RE: Explaining why we use RDF instead of just XML

> I think everything that can be represented with xml can be represented
> with rdf but not the other way round. Or is there a way in plain xml to
> express a circular relation like "john dislikes peter and peter
> dislikes john"?

Yes. For one thing the set of valid RDF/XML documents is of course a subset
of the set of valid XML documents, so the fact that it can be done in
RDF/XML proves that something can be done in XML. Whether it can be done in
"plain" XML depends on what you mean by "plain".

There are some things that can be expressed in RDF that can't be expressed
in RDF/XML (or are those issues resolved since by last proper reading of the
specs).

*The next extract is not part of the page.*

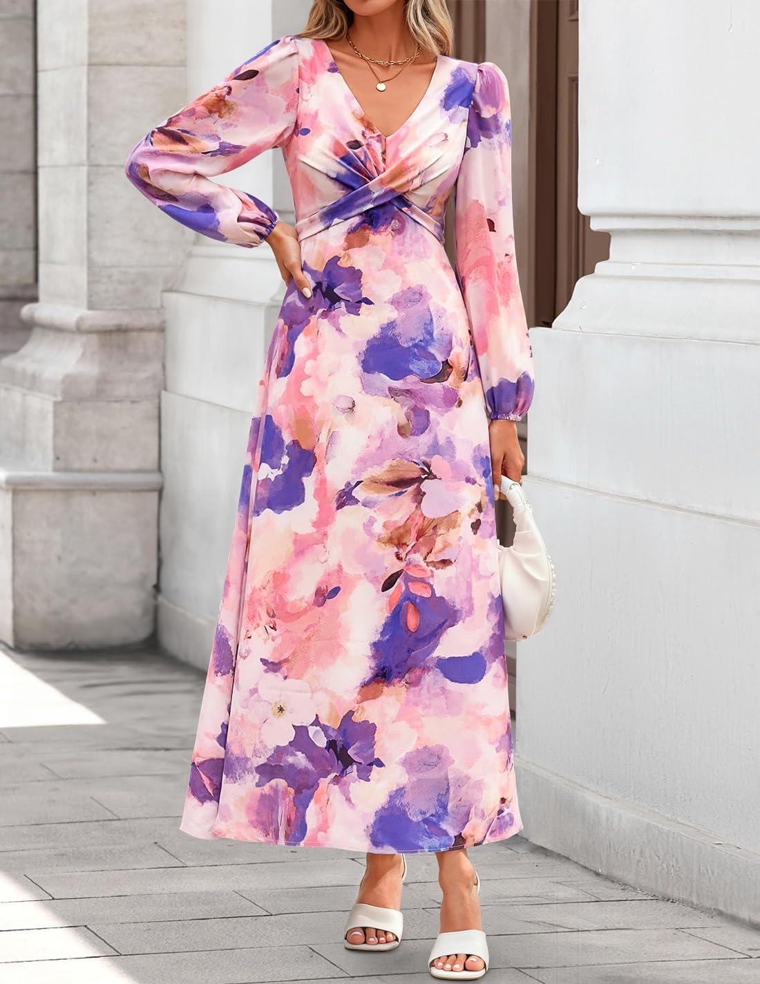 Get the ZESICA Fall Floral Dresses for Women 2025 Elegant Long Sleeve V Neck Mesh Cocktail Wedding Party Maxi Dress(Purple) you’ve been eyeing at a discounted price during our seasonal sale event.

However an XML format that found a way of expressing them wouldn't
be impossible.

The real difference is that RDF has a greater degree of meaning outside of
the application a given document was created by/for.

To compare deliberately inscrutable examples the XML snippet:

<aaa><bbb>yyy</bbb><ddd><eee fff="xxx"/></ddd></aaa> means absolutely
nothing (and to a machine there is precious little difference between
"<bbb>" and "<price>" or "<name>").

The same treated as RDF/XML means little also. However we have at least an
idea of how the structure is meant to be interpreted.
RDFS, DAML+OIL or OWL could give us the ability to learn that these unknown
elements are the same as, or related to, elements we do know, and hence
entail statements that are meaningful to us.

They also give us a good way to expand on the above and know how we can fit
our new wonderful <rrr> element that we've come up with where applications
would expect an <eee> (again to the machine there is precious little
difference in "<eee/><rrr/>" and "<user/><advancedUser/>").